PROBLEM DESCRIPTION: The reply must consist of the lines from the first line of the records through the line containing "Капусту хорошенько отжать", copied exactly, with every picture omitted.

Data entries:
+++

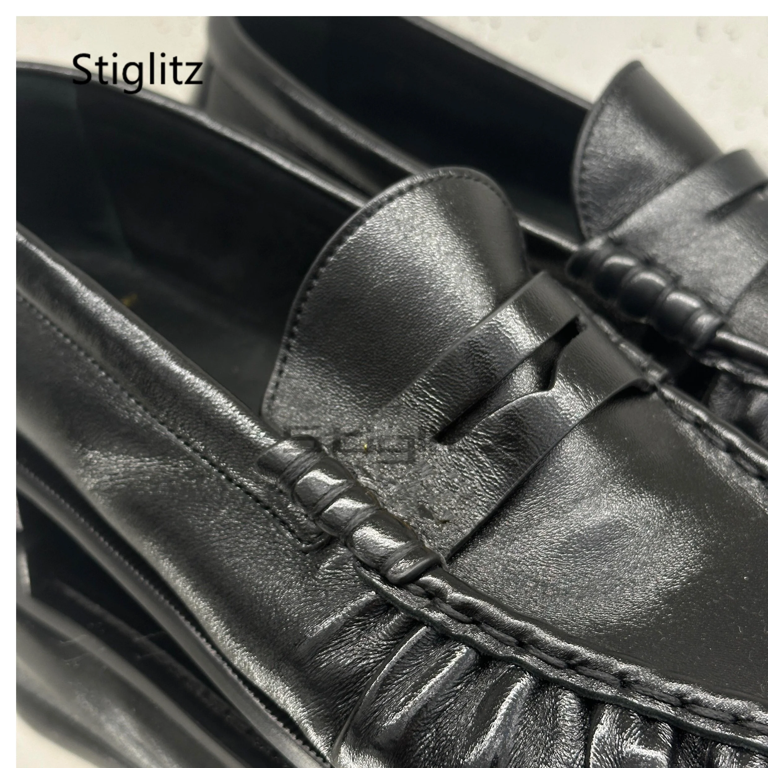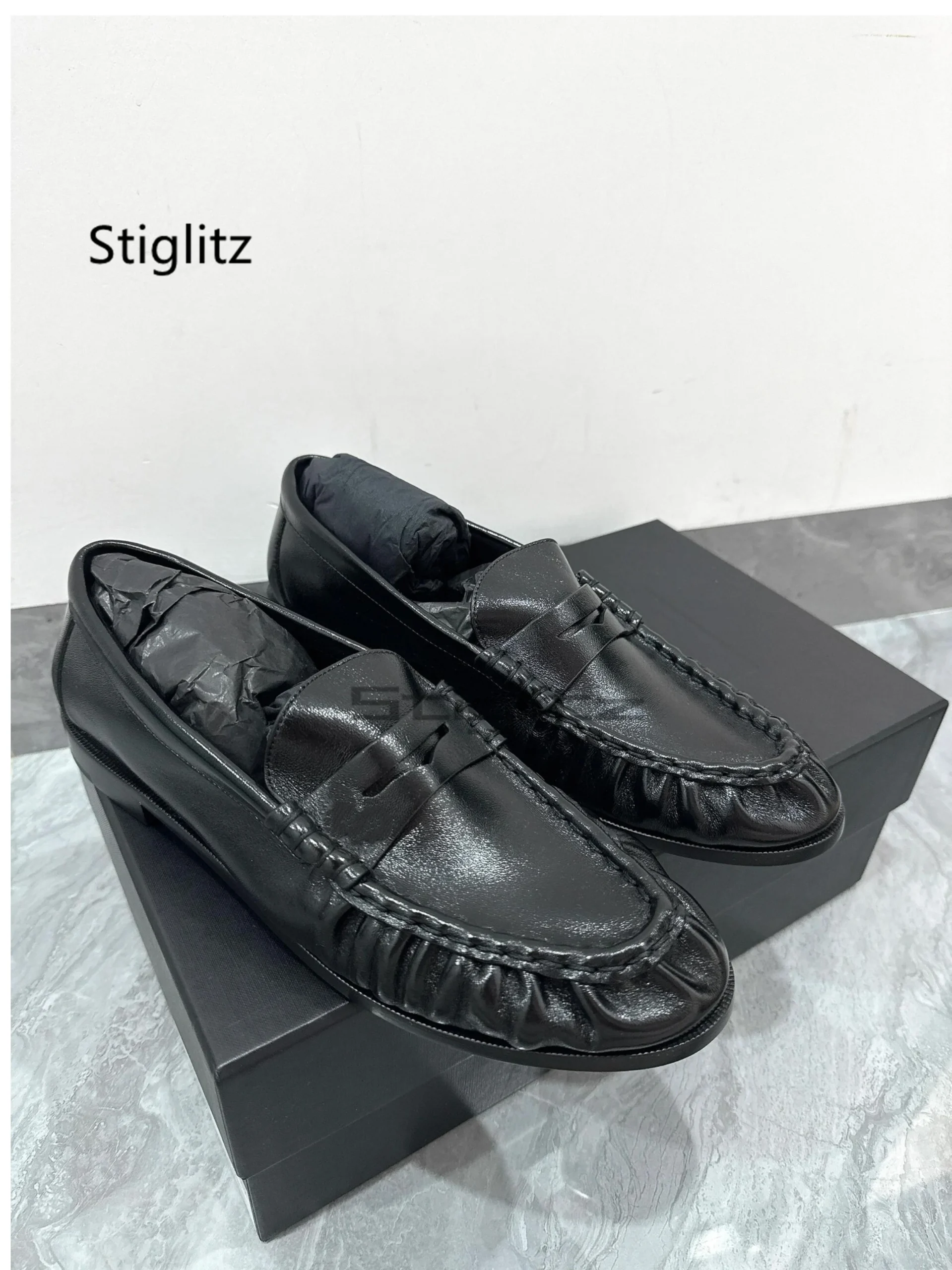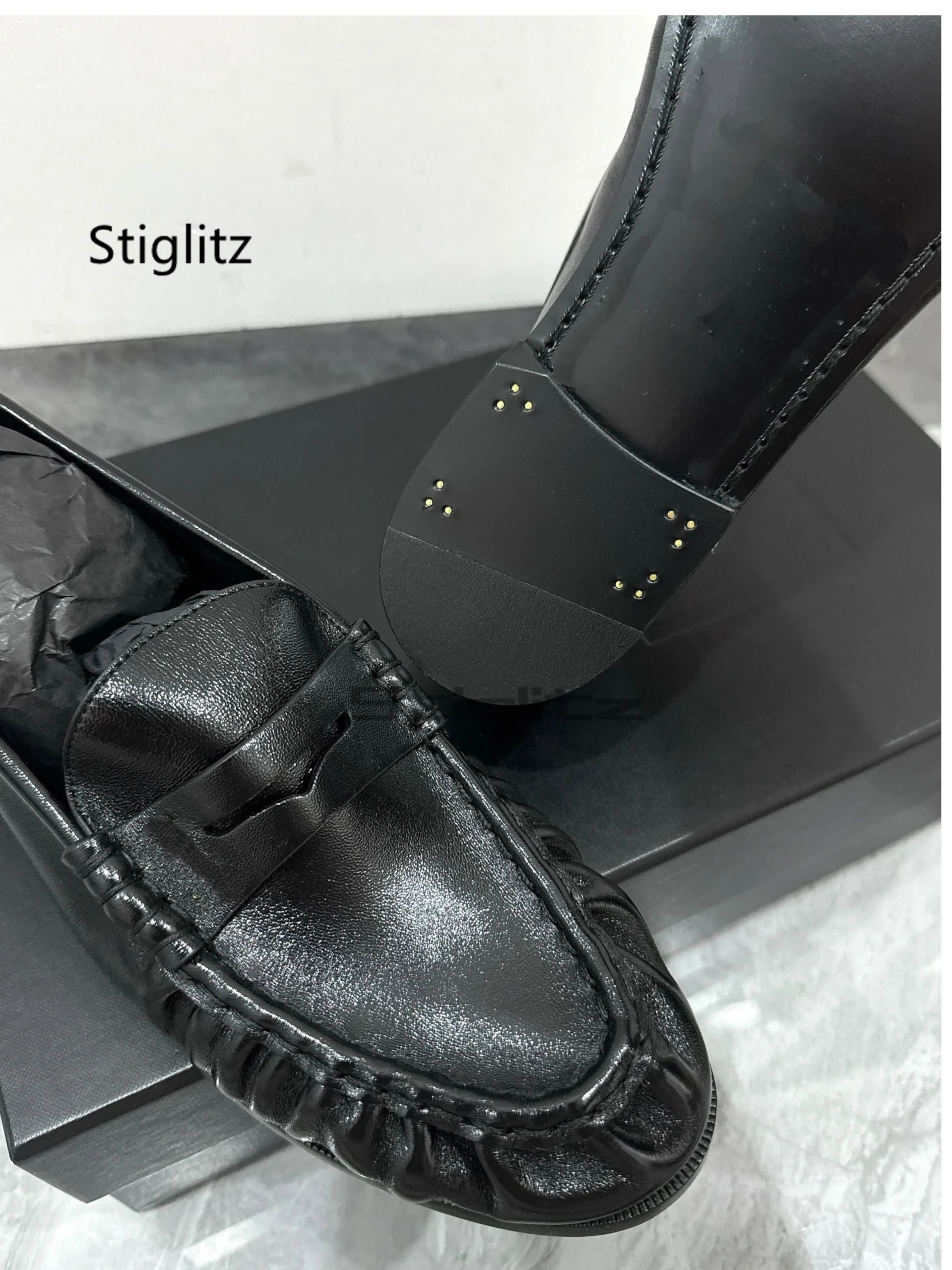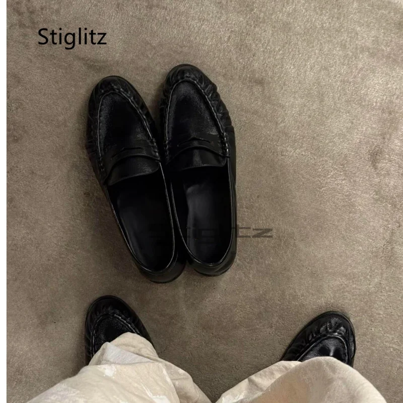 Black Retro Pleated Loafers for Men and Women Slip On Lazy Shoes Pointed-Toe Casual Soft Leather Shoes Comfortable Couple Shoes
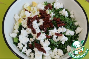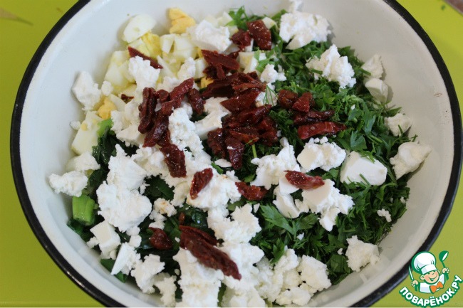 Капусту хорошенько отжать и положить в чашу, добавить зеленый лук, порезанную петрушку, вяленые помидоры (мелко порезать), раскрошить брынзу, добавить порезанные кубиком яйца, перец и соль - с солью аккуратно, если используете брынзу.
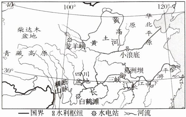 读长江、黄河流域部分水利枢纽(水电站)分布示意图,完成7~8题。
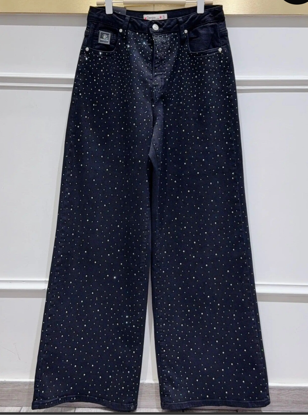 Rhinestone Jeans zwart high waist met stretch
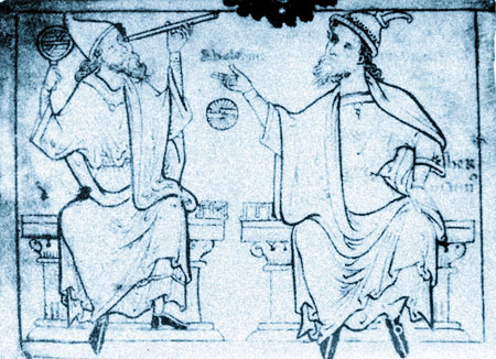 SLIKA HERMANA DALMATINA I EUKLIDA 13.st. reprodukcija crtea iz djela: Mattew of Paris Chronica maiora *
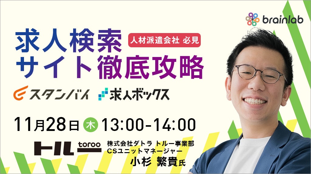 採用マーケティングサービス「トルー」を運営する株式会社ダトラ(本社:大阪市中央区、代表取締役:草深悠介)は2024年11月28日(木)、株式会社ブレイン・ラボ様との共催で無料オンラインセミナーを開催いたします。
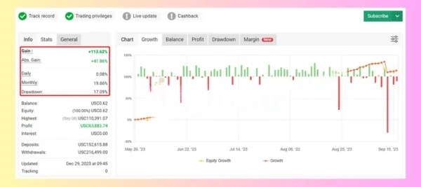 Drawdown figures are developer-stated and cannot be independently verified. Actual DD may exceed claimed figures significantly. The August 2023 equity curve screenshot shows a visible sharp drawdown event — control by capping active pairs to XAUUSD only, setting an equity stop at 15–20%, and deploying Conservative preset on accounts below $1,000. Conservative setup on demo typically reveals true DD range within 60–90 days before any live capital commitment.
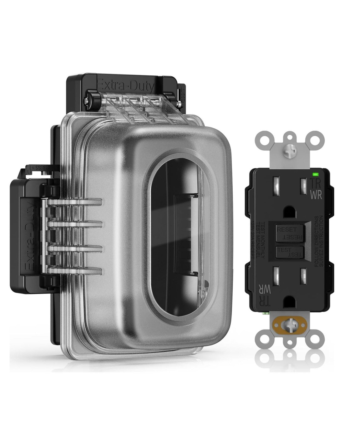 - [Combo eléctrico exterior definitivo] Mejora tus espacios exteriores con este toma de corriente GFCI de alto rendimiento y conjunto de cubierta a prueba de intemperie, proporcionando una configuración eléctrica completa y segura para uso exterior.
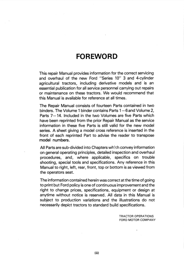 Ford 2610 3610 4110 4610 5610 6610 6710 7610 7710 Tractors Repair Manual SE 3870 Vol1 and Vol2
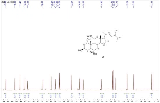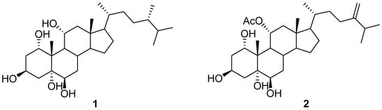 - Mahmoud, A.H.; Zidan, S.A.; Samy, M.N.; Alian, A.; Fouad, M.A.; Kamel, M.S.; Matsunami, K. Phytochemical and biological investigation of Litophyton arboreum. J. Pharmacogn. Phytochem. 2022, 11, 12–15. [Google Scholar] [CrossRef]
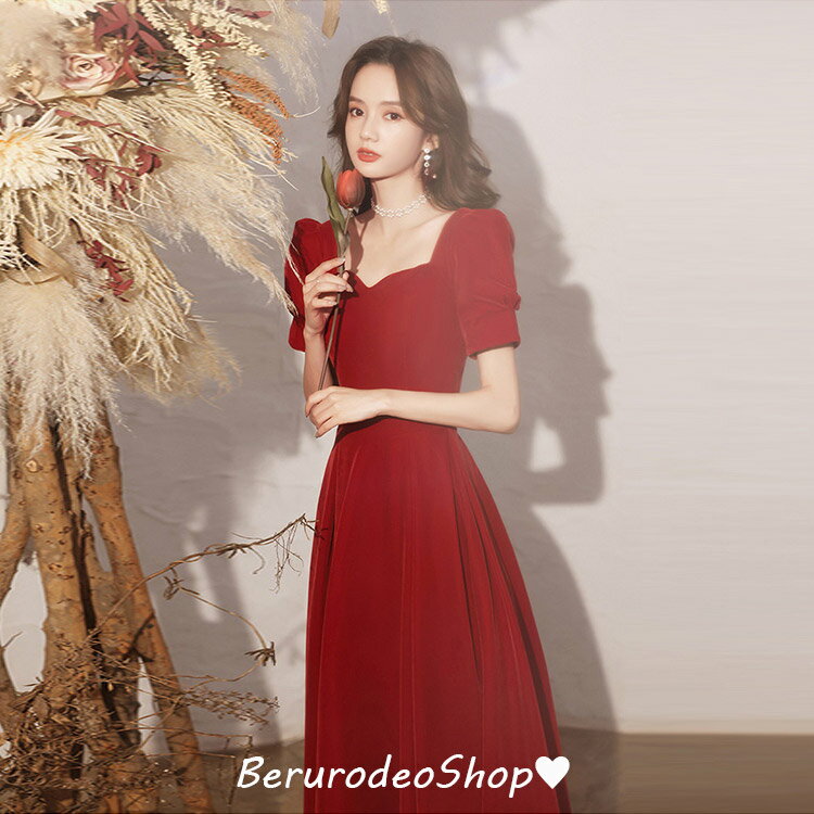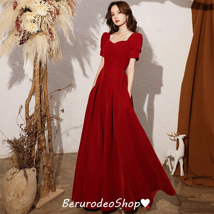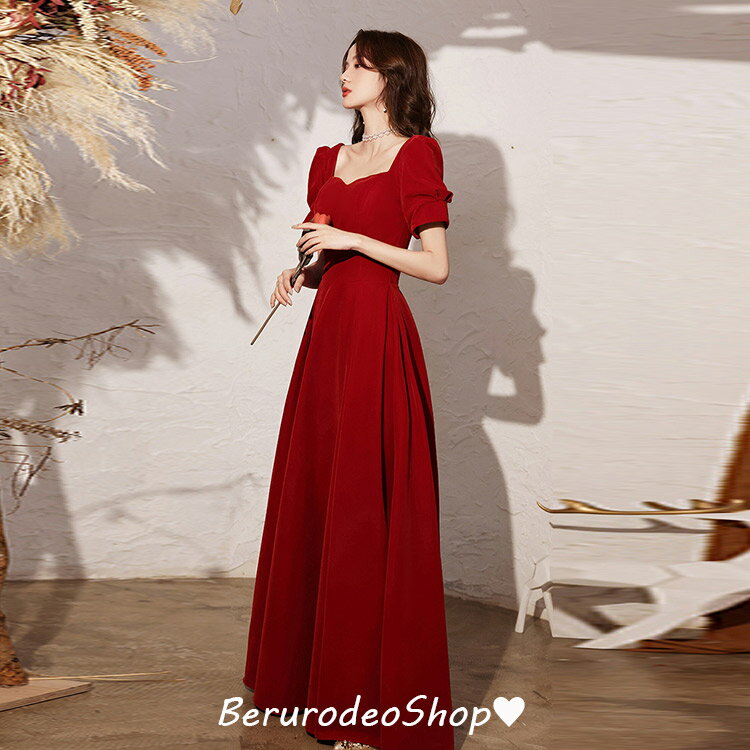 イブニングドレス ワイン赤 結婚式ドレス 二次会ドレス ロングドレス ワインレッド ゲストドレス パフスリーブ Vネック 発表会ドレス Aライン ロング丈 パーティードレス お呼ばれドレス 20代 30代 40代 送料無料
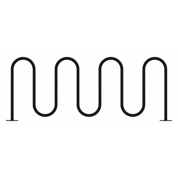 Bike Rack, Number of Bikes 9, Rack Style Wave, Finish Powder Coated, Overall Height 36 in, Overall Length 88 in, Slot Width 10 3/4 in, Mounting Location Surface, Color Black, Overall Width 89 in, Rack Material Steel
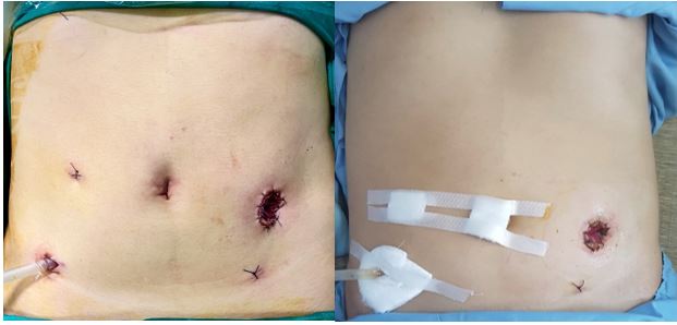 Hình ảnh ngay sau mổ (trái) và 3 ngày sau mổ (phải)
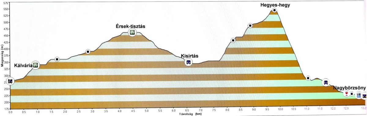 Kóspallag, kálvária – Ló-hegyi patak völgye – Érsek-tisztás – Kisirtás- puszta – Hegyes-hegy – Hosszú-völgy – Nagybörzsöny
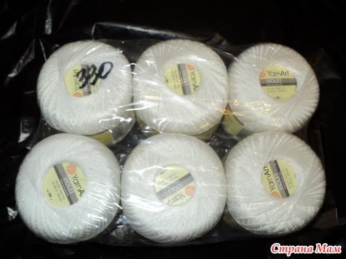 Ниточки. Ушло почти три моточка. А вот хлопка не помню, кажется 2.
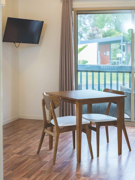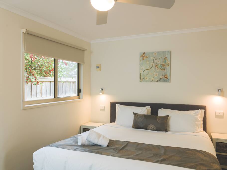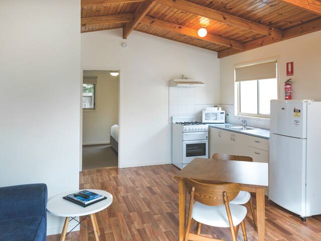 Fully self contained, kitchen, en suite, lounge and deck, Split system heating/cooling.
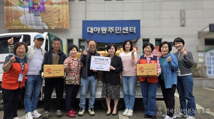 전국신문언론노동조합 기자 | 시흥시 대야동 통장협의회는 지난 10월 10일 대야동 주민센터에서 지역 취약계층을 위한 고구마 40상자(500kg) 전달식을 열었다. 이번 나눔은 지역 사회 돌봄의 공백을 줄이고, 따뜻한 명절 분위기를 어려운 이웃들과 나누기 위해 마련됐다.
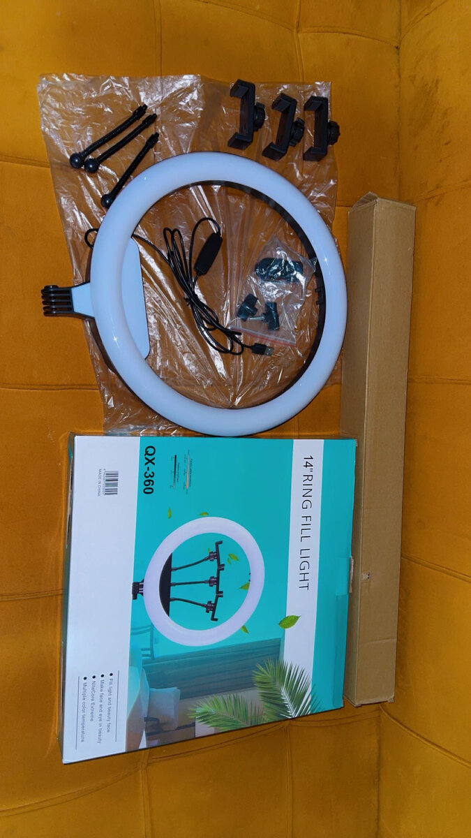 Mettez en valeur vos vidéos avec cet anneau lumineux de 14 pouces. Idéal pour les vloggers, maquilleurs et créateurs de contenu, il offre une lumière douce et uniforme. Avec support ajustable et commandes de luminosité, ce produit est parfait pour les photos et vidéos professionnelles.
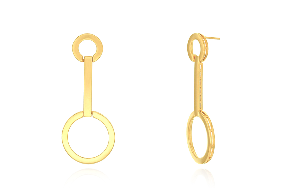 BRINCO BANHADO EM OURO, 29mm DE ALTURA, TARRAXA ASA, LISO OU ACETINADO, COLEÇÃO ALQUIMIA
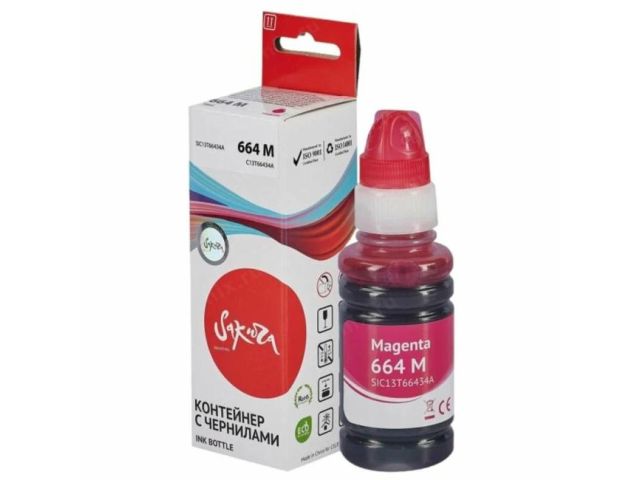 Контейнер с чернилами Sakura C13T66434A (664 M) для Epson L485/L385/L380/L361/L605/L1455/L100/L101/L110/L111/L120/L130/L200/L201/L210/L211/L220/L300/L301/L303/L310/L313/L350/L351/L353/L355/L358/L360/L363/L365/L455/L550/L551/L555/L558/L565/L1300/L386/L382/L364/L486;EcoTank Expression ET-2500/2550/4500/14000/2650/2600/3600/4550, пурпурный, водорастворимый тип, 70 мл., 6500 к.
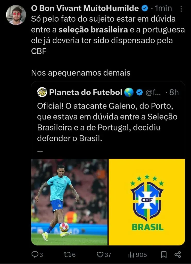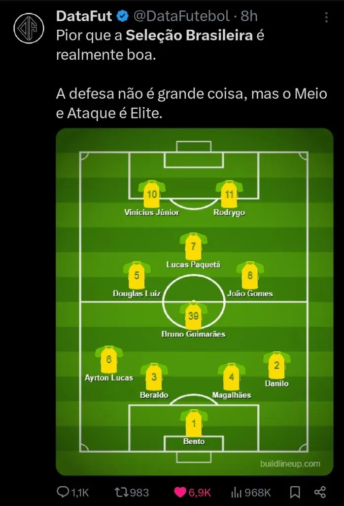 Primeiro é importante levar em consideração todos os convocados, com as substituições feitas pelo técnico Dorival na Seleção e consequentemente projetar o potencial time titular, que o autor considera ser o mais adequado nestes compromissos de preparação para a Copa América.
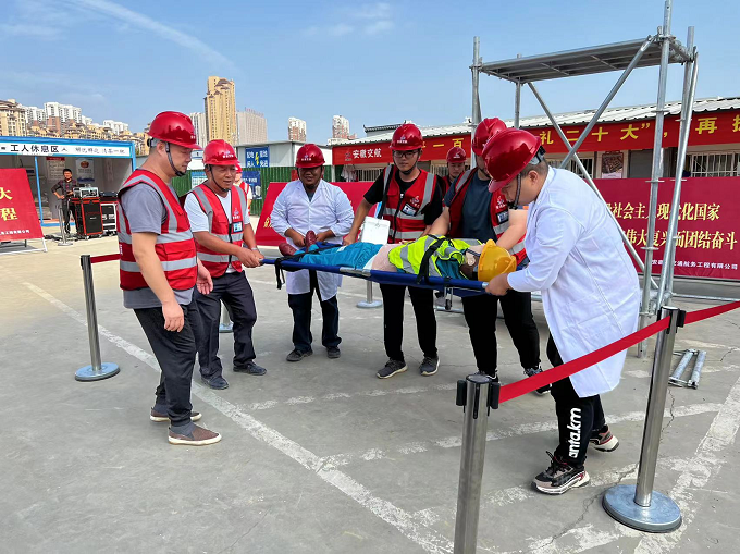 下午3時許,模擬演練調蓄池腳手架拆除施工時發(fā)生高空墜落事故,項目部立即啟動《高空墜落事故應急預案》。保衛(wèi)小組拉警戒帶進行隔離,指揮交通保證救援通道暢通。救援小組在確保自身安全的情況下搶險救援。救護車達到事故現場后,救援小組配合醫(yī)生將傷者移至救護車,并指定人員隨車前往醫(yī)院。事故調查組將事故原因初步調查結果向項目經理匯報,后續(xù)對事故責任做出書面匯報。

+++

FINAL ANSWER:
 Black Retro Pleated Loafers for Men and Women Slip On Lazy Shoes Pointed-Toe Casual Soft Leather Shoes Comfortable Couple Shoes
 Капусту хорошенько отжать и положить в чашу, добавить зеленый лук, порезанную петрушку, вяленые помидоры (мелко порезать), раскрошить брынзу, добавить порезанные кубиком яйца, перец и соль - с солью аккуратно, если используете брынзу.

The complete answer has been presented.